Friday, December 23, 2005

And there are blessings

I have been thinking today about the ideals of grace and kindness. Which, I guess, are specificially appropriate things to be thinking about this time of year.

In the last 24 hours I have been the recipent of both incredible heart wrenching thoughtfulness and simple immature thoughtlessness. As such, I am reminded how easy it is to focus on the bad rather than the good if you are not mindful to do otherwise.

So let me tell you about the good.

First is my friend Stephanie. Steph is such a spitfire and always full of surprises. If she were to call me up tomorrow and tell me that she had eloped with a Croatian supermodel and will spend the next year sailing the Greek Islands, I would nary raise an eyebrow. Last week a package came in the mail from dear Steph. Inside was a card that brought me to tears and two precious tree ornaments. See, she read my blog about my tree trimming party and wanted to contribute. How thoughtful is that? It brings fresh tears to my eyes as I relay the story to you. Have a look at how sweet they are:



Next, the outpouring of support from friends, family and even near strangers upon hearing I am likely staying home alone this christmas has warmed my heart.

Penny, another long time friend from college days, who has just learned that she will be spending six months in India for work, offered to drive from New Haven to Boston to spend time with me after Christmas. That is quite an offer since she doesn't have many free days to spare before a six month separation from her boyfriend.

I had the sweetest conversation wtih Ann and Dabney this morning, who have ordered me to come up to VT to celebrate the holiday with them and Dabney's mom. I wish it were possible! I am sure there is nothing better than snuggling up all cozy with A&D up in beautiful Vermont. That would get me in the Christmas spirit!

My family has really rallied around me offering me support and comfort. I hate the idea of not being with them, this is the first time that my brother, my sister and I would be celebrating in three separate places. Not bad for 3 kids in their 30s I suppose. My sister has made multiple offers to stay behind here in Boston with me, but I won't let her.
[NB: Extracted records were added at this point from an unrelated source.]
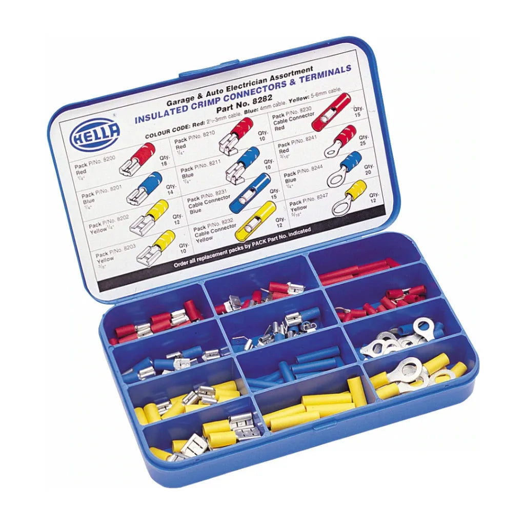 Assortment containing 12 types of HELLA insulated double crimp terminals / connectors specifically designed to meet the requirements of the automotive industry.
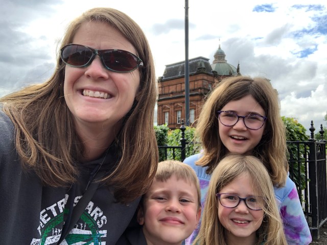 The People’s Palace is a museum with a hodge podge of exhibits about Scotland and the history of Glasgow. We picked up yet another Children’s Treasure Trail, and then proceeded to help Charlie and Samantha to hurriedly run around the place to find the answers to the questions. In this venue, there was supposed to be a little fake bird at each of the places that contained an answer to a question. That’s awesome, except when half the birds are missing. What could have been a pretty nice stroll through the museum turned into some frustrated kids whose parents’ patience was running thin.
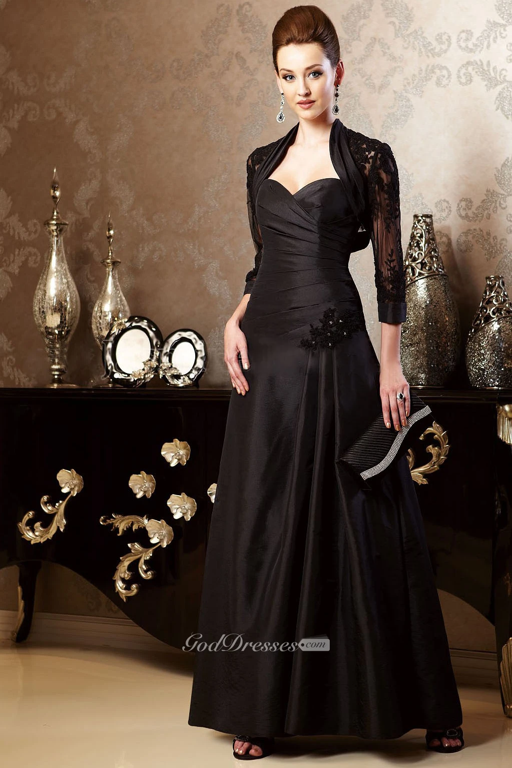 Sweetheart Long Mother Of The Bride Dress With 3-4 Sleeved Jacket Style And Beadings
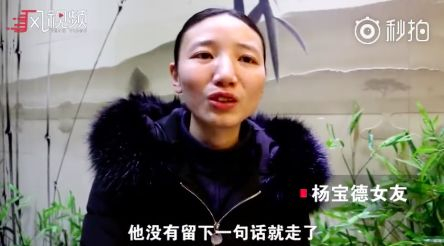 据凤凰网风视频报道,杨宝德女友表示,“我所做的一切就是想给他的死找一个意义。”
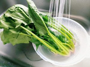 - ほうれん草を洗う
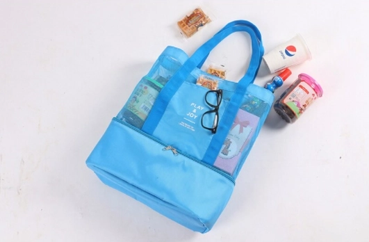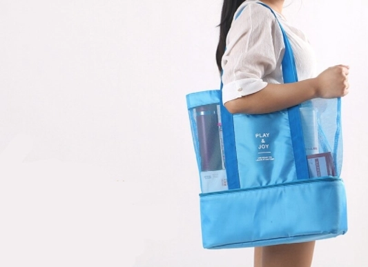Een picknicktas die ideaal is voor zomerse uitstapjes naar de bergen, naar zee en voor picknicks. De tas is opvouwbaar en functioneel; er passen zeker strandlakens, kleding en kinderspeelgoed in. In het onderste deel van de tas zit een thermovak waarin je een lunchbox, thermosfles, plastic voedselbakjes en allerlei soorten drankjes kunt opbergen, terwijl hun ideale kwaliteit en temperatuur behouden blijven. De tas is gemaakt van licht materiaal, waardoor hij tot kleine afmetingen kan worden opgevouwen
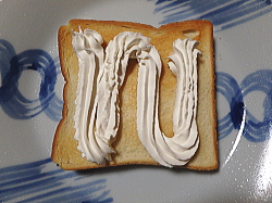 トーストした食パンにたっぷりのホイップを飾ってください。
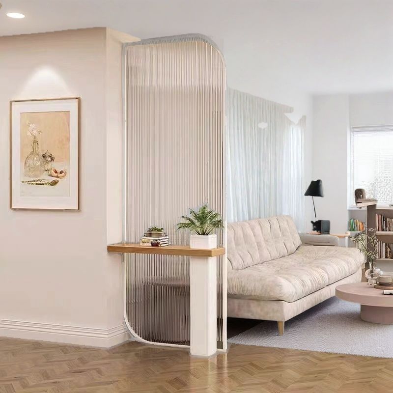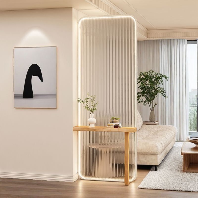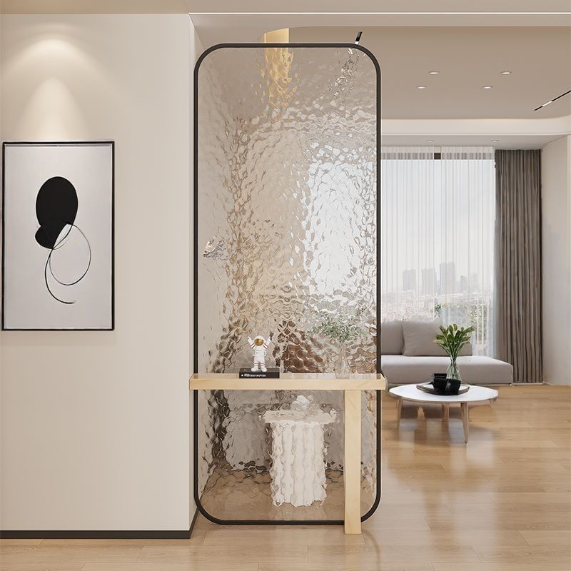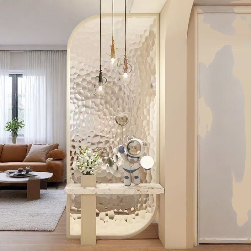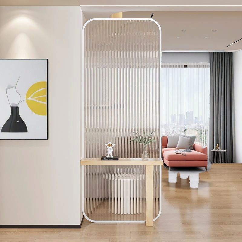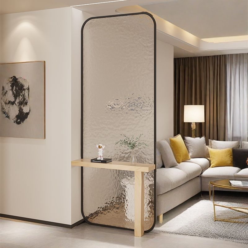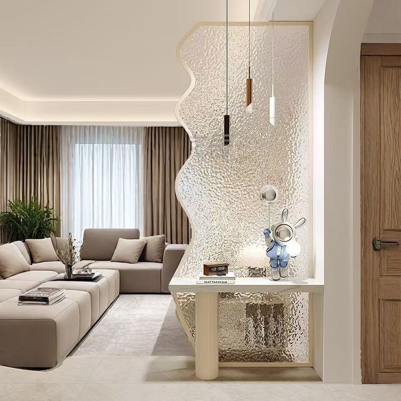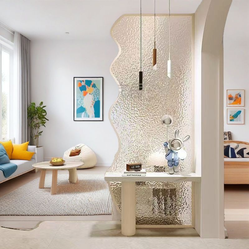 크림 스타일 롱 레인 워터 패턴 유리 현대적인 심플하고 가벼운 럭셔리 입구 차단 현관 거실 파티션 스크린 선반
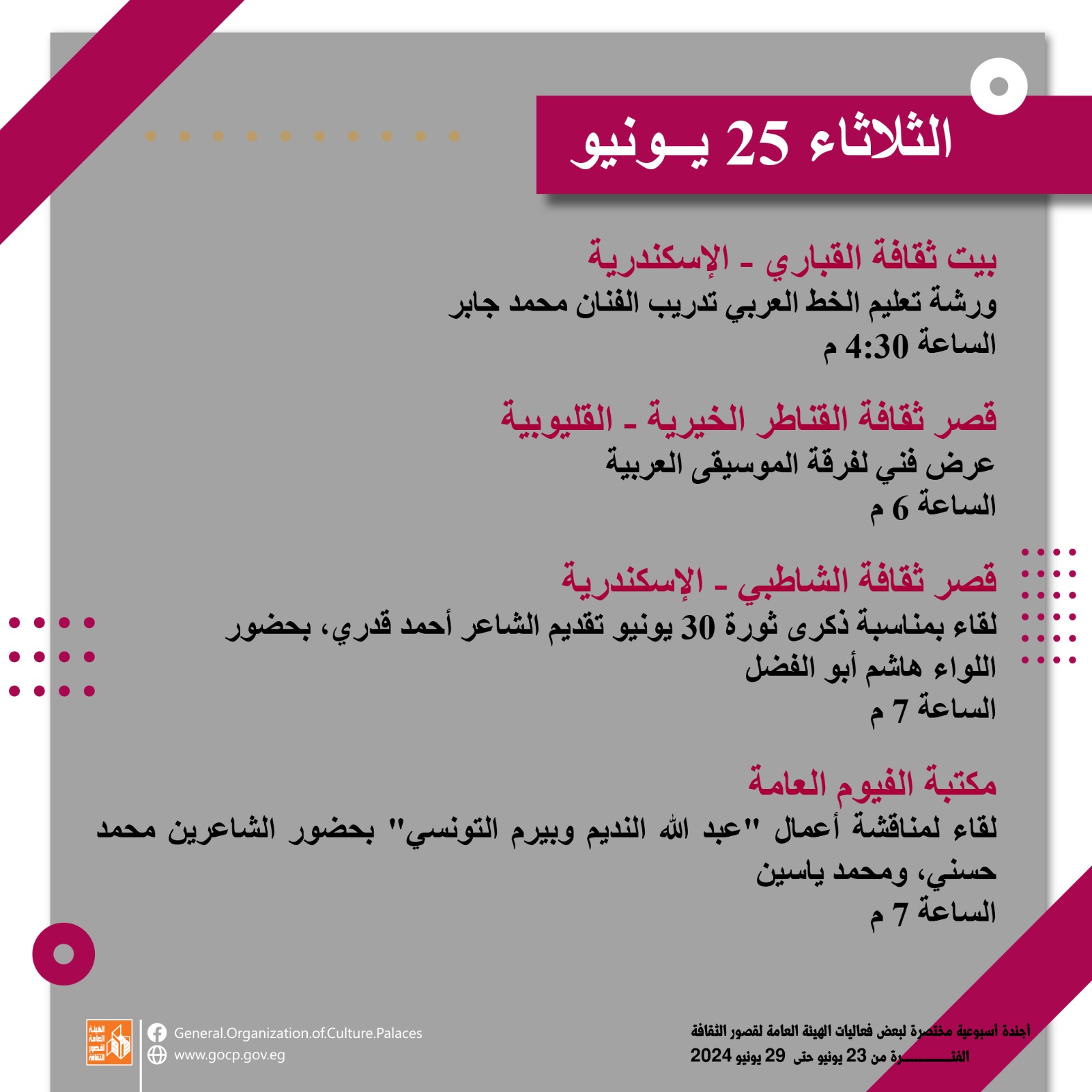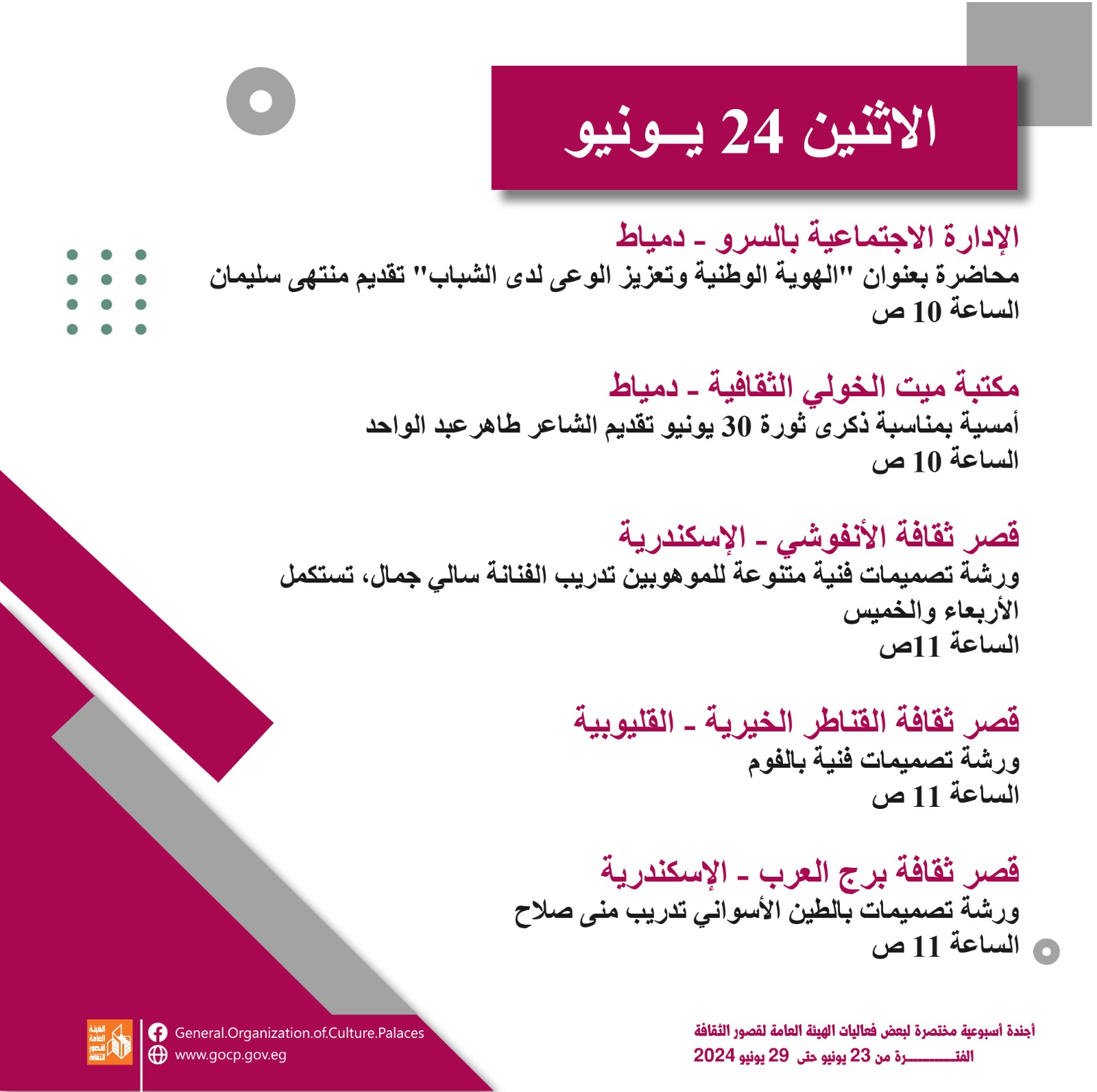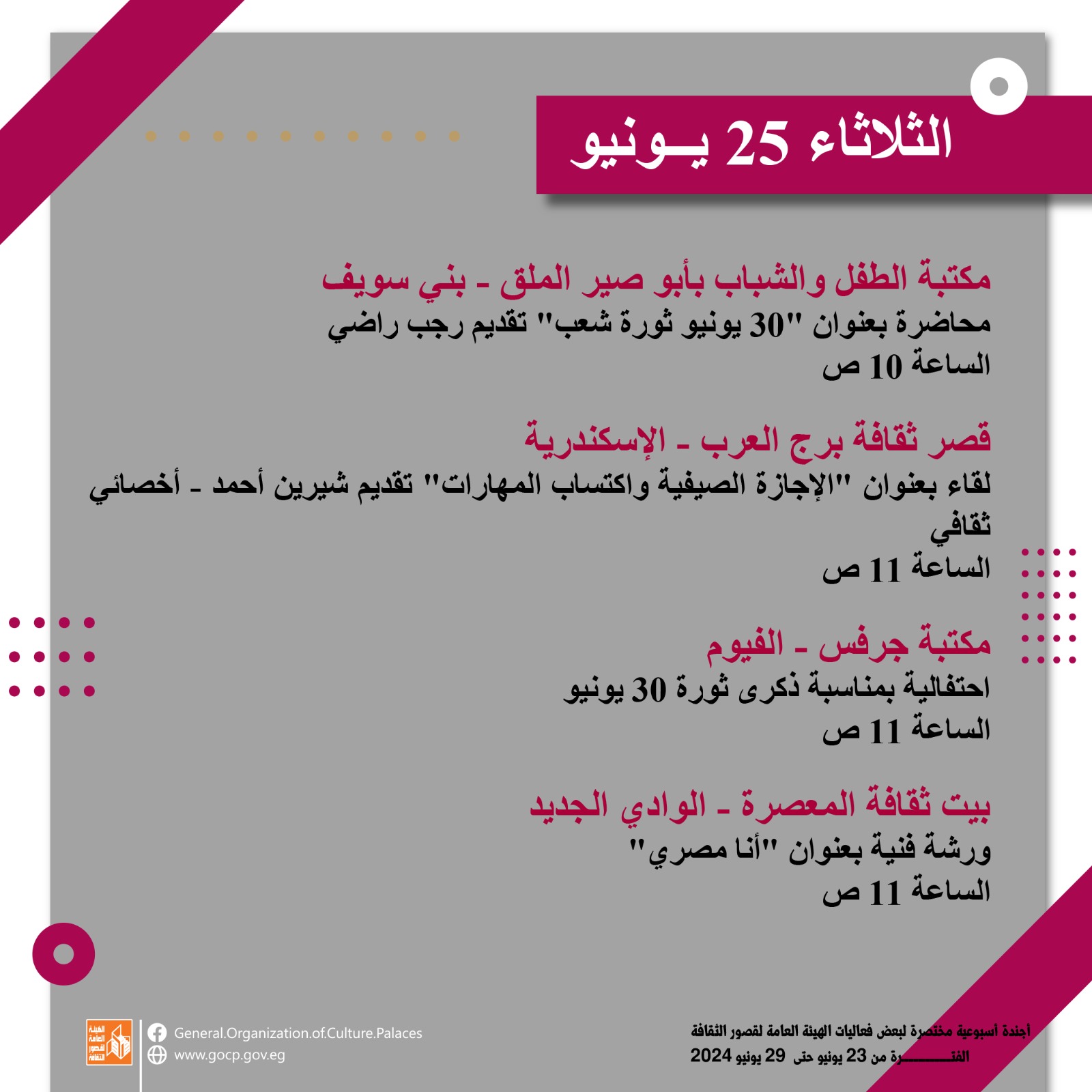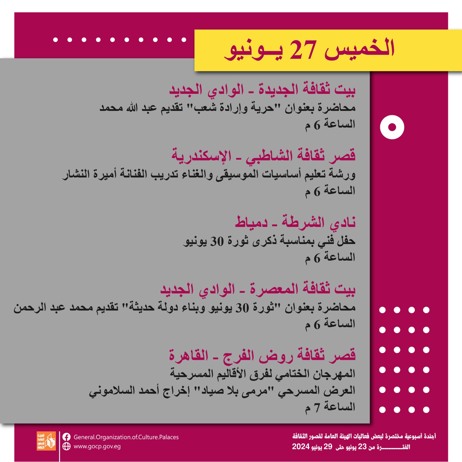 ضمن برامج وزارة الثقافة، وبرعاية الدكتورة نيفين الكيلاني، وزيرة الثقافة، أعدت الهيئة العامة لقصور الثقافة، برئاسة عمرو البسيوني، أجندة حافلة هذا الأسبوع تتضمن مجموعة متنوعة ومتميزة من الفعاليات الثقافية والفنية، بدءا من اليوم الأحد وحتى السبت المقبل 29 يونيو.

My dad has been calling me several times a day to check on me. I appreciate that he is just letting me make my own decsion without and pressure even though I know he really wants me to be there. My brother spent a good hour on the phone with me last night, consoling me after a particularly sad and difficult day. My Mom has been calling daily as well, just supporting me from afar.

Ashbloem, although far far away in TX, has been there to share my grief over the loss of our friend. I just wish she were here to attend the memorial service with me tomorrow. I'd like to hold her hand.

Of course you already know Vic has been a constant helpful fixture this entire Christmas season. From carrying in the chirstmas tree to fixing my bathroom drain to making sure I got home safely after a bloody mary too many. Cheers to you as well.

I can't go without mentioning Mr. C. We've only been out on one date, but his constant offers to bring me supplies and fill my fridge since I can't get out right now have been very much appreciated. He has also offered to stop my to lift my spirits on Christmas day since he will be just around the corner. All from a virtual stranger!

It feels good to sit and count the blessings of so many loving people in my life. I am going to take the advice of an anonymous commenter from one of the recent posts and see what good I can do for someone else this holiday.